Тута спа-а-ть укладет…

Только наутро грозная реальность снова ощеривается на нас. Опять возникает слово «этап». Как? Значит, и отсюда еще есть куда ехать? А как же! А Мылга! Она считается штрафная для Эльгена. А то есть еще Известковая. Так та штрафная для Мылги. А лесоповал? Сколько точек в тайге, по сравнению с которыми этот барак дворцом покажется! А лето придет — сенокос. По кочкам… ну, то еще дожить надо…

Марья Сергеевна не из тех, кто любит сказки сказывать. Что есть, то есть. Глаза закрывать нечего, надо правду знать. А пугаться-то все равно нечего. Везде люди. И на лесоповале живут… Не все бригадиры звери. Есть и ничего…

— Статьи-то у вас больно аховые. Тюрзаки ведь вы… Хуже каэртедешников, говорят. Ничего, обомнется… Привыкнет начальство. Сначала-то и каэртедешникам пикнуть не давали, а теперь вон одну даже завбаней поставили.

Да, мы попали на Эльген, на штрафную командировку, но не за провинности, а просто «по статье», как тюрзаки. А другие здесь почти все за что-нибудь, чаще здесь самые отъявленные рецидивисты — «оторвы». А еще — мамки.

— Чего-то начальству так подумалось, что здесь самое что ни на есть место подходящее для младенчиков. Право… Деткомбинат построили… Зона для заключенных деточек. Ну, и мамок тут полно. Которые младенцы выживут, тех уж из ружья не убьешь…

Мамки — этим собирательным именем обозначались все заключенные женщины, пойманные на запретных любовных связях или «уличенные» в беременности. По отношению к ним строгие меры пресечения сочетались с некоторым даже гуманизмом, что ли.

Несколько раз в день раздается специальный сигнал с вахты.

— На кормежку!

И те же закутанные в тряпье бесполые фигуры, разобравшись по пяти, торопливо топают под охраной тех же дубленых полушубков в деткомбинат, где каждой выдается на руки ее младенец. Перед младенцем стоит замысловатая задача — вытянуть несколько капель молочка из груди той, которая питается эльгенской паечкой, а работает на мелиорации. Обычно уже через несколько недель лагерные врачи констатируют «прекращение лактации», и мамка отправляется в этап на лесоповал или сенокос, а младенцу предлагается отстаивать свое право на жизнь при помощи бутылочек «Бе-риса» и «Це-риса». Так что состав мамок страшно текуч, все время обновляется свозимыми со всей Колымы грешницами.

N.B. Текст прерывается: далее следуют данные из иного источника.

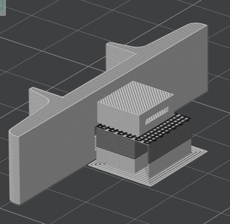Mě by tam sedělo toto. Je ale místo? Také bychnezavrhoval tisk na lešení. Komínek nemusí okézně vypadat HiFi. Hlavně pevnost a bylo by to v jednom kroku. Později vyzkouším a zkonzultuju. Dotaz: kolik je pohyb šoupěte do strany. To dá maximální trojúhelník výztuhy, nebo potom prodloužit šoupě.

— Вот это так охрана материнства и младенчества! — восклицает Нина Гвиниашвили, увидав впервые развод мамок в окружении солдат с винтовками наперевес…

Но все подробности насчет детского городка и материнских радостей на Эльгене мы узнаем позднее. А сейчас мы снова, после короткой передышки в бараке Марьи Сергеевны, наэлектризованы до предела слухами об этапах, ползущими из УРЧа (учетно-распределительная часть). Там, говорят, уже полным ходом составляются этапные списки на лесоповал. Слухи о том, где всего страшнее, разноречивы. По одним сведениям, на седьмом километре можно продержаться дольше, чем, скажем, на четырнадцатом или на Змейке, поскольку конвой не очень сволочной. По другим, наоборот, на седьмом можно скорее «дать дубаря», там только слава что бараки, а холодина в них, как в лесу…

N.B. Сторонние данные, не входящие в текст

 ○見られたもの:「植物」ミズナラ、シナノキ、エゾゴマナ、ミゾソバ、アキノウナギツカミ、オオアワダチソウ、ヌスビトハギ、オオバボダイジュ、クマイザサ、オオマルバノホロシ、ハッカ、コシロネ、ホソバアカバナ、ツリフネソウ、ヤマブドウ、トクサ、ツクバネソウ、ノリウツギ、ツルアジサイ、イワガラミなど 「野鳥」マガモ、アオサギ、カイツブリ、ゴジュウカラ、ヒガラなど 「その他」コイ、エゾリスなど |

Галя Стадникова отваживается обратиться с вопросом к начальнику режима.

— Скажите, пожалуйста, а не могу я рассчитывать на работу по специальности? Я фельдшер-акушерка…

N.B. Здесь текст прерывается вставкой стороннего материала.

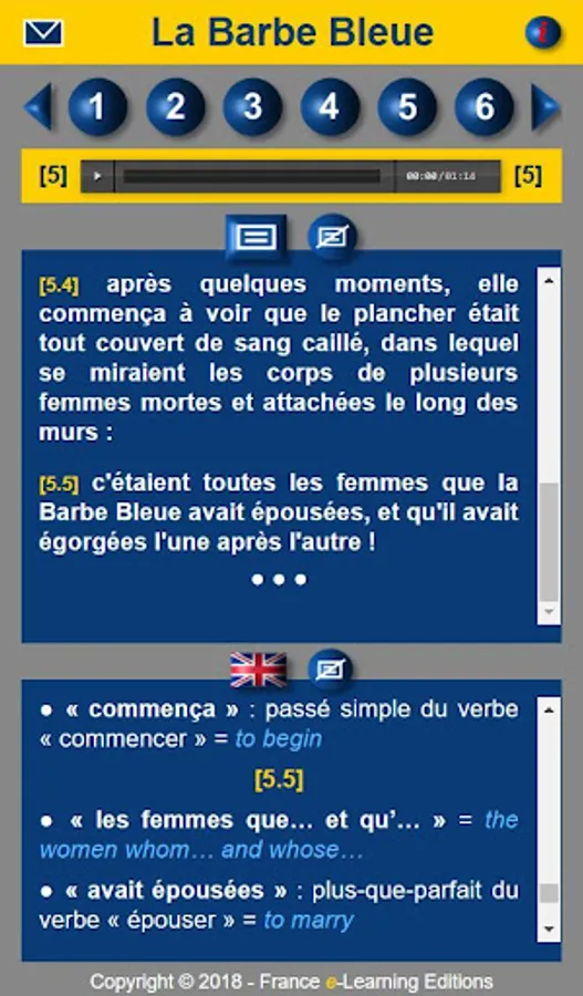● LISTEN & READ the French fairy tale: "LA BARBE BLEUE" (Blue Beard) by Charles Perrault.

Режимник криво усмехается и отчеканивает:

— Для ваших статей у нас две специальности: лесоповал и мелиорация.

…Мне достался седьмой километр. Список смешанный. Группа наших, тюрзаковок, но есть и эльгенские старожилы. Среди них и те, «кто пляшет и поет», то есть блатные, и несколько человек «православных христианок» — религиозных колхозниц из Воронежской области. Этих везут на седьмой как штрафниц, за отказ от работы по воскресеньям.

Целый час стоим у вахты, пока начальство о чем-то тихонько препирается. На вахте сидит начальник санчасти Кучеренко, меднолицый коренастый человек с наружностью пожарника Кузьмы. Его почтительно именуют доктором, хотя он, как выяснилось в дальнейшем, ротный фельдшер.

— А если падеж в пути? — говорит он громко, так, что нам слышно. — Посмотрите, тюрзаки-то как одеты…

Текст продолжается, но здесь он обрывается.